● What you need to do:
Include the line containing "Connais-tu Super Souricette, la" and all lines before it, repeated exactly from the listing below, without pictures.

[Start of section]

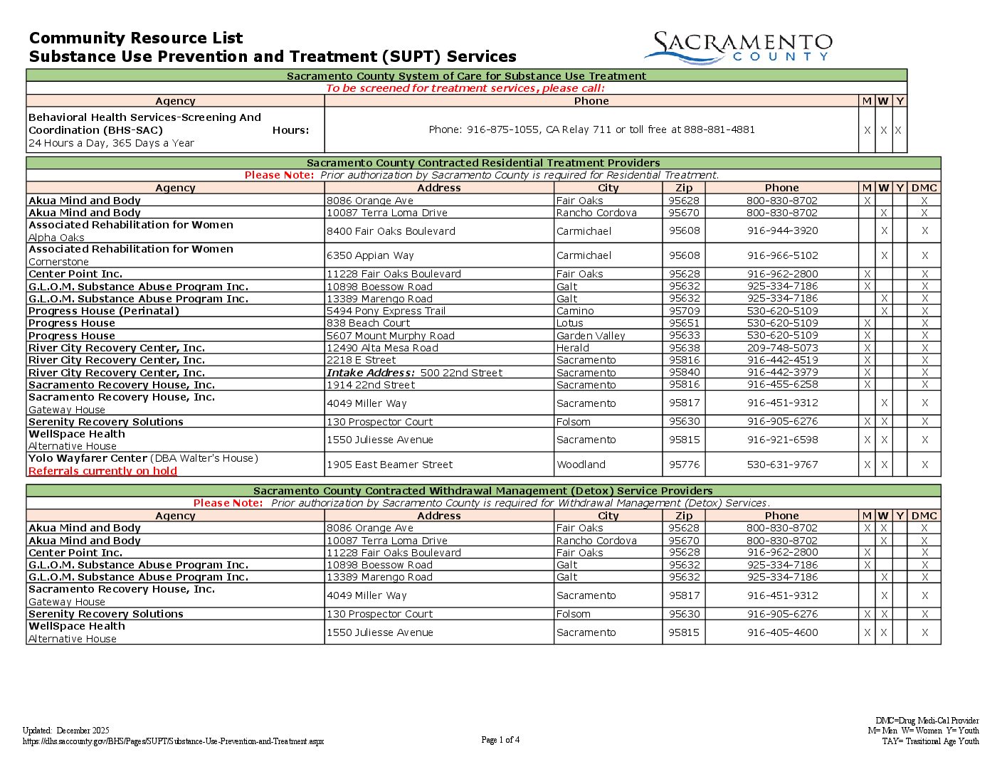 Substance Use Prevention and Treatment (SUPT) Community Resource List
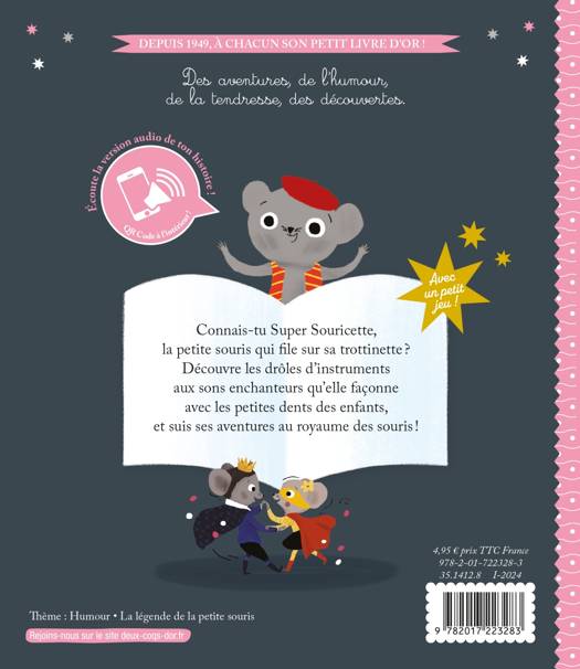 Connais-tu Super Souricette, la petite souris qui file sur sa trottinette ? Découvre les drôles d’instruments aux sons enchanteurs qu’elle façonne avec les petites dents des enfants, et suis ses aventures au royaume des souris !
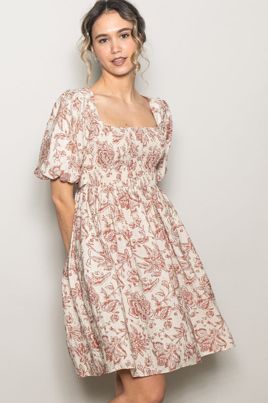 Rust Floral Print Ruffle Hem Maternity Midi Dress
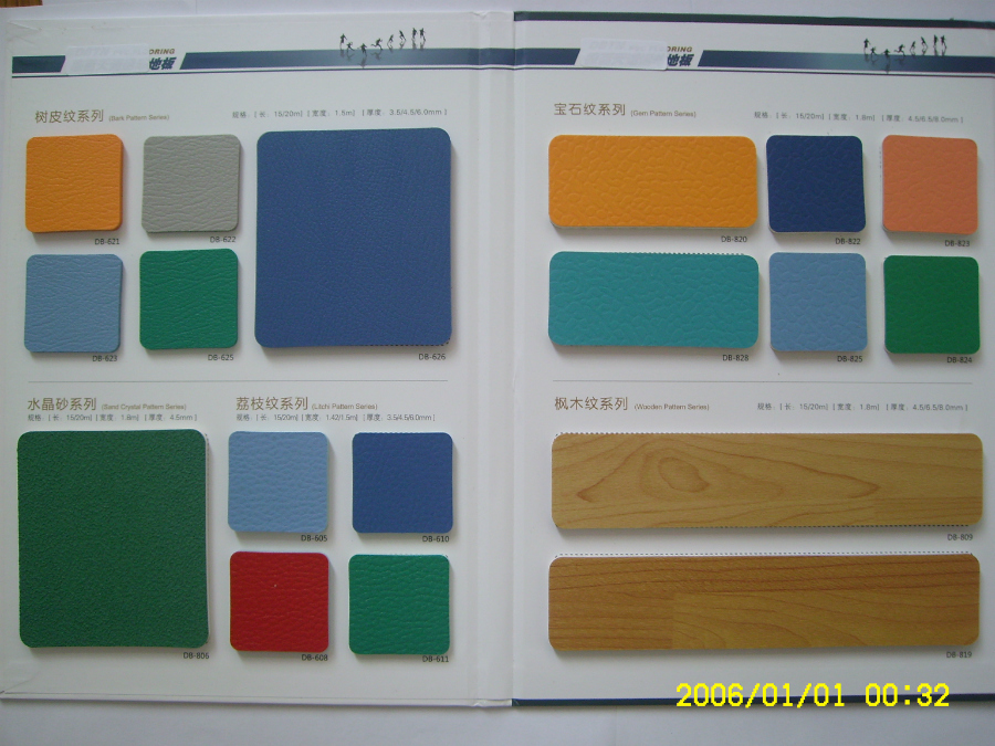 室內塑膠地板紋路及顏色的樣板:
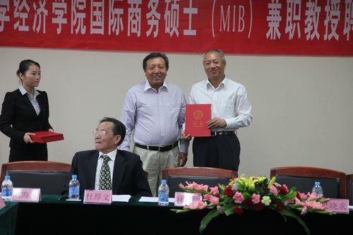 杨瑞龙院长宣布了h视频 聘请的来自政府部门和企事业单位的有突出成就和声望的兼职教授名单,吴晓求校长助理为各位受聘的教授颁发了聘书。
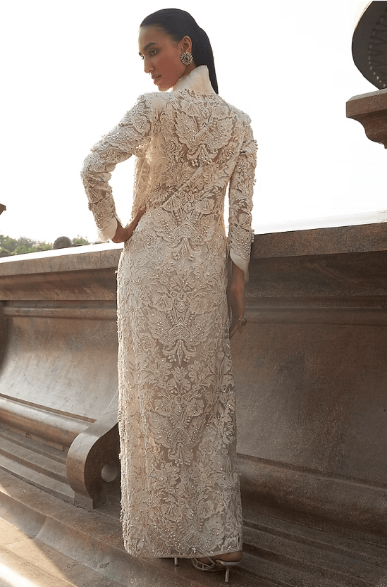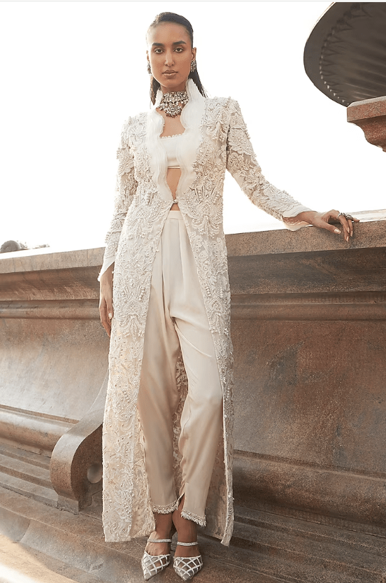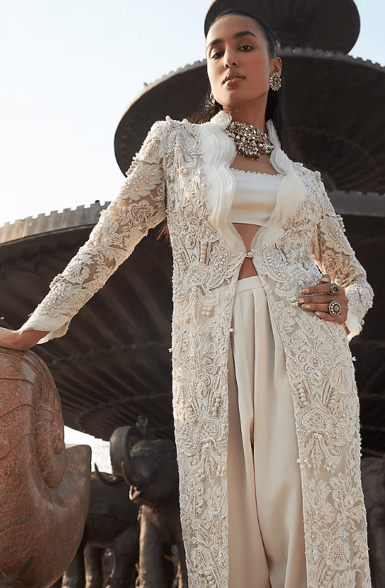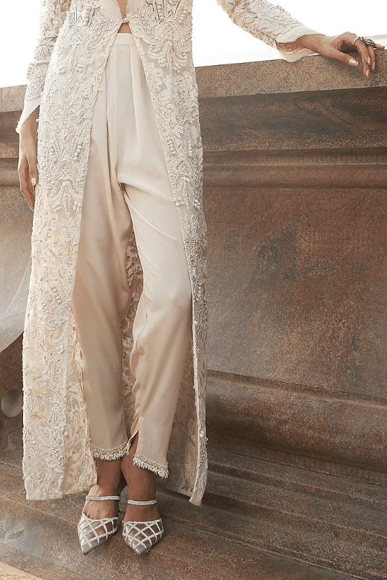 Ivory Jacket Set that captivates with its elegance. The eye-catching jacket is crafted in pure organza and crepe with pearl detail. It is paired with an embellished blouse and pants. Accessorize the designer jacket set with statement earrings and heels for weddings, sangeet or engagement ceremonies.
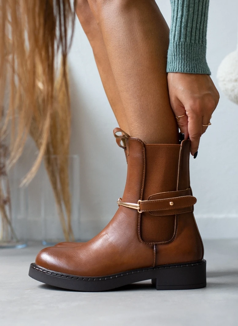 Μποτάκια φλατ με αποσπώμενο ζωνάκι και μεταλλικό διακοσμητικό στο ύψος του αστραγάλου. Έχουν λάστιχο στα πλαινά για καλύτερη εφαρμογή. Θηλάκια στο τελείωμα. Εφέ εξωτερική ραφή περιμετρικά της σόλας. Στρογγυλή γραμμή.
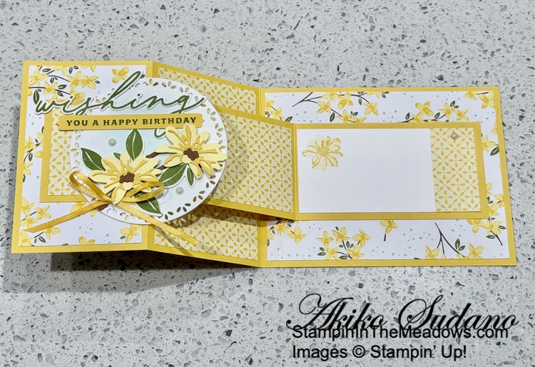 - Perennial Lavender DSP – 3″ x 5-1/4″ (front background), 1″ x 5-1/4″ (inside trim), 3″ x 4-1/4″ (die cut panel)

[End of section]

● Response:
 Substance Use Prevention and Treatment (SUPT) Community Resource List
 Connais-tu Super Souricette, la petite souris qui file sur sa trottinette ? Découvre les drôles d’instruments aux sons enchanteurs qu’elle façonne avec les petites dents des enfants, et suis ses aventures au royaume des souris !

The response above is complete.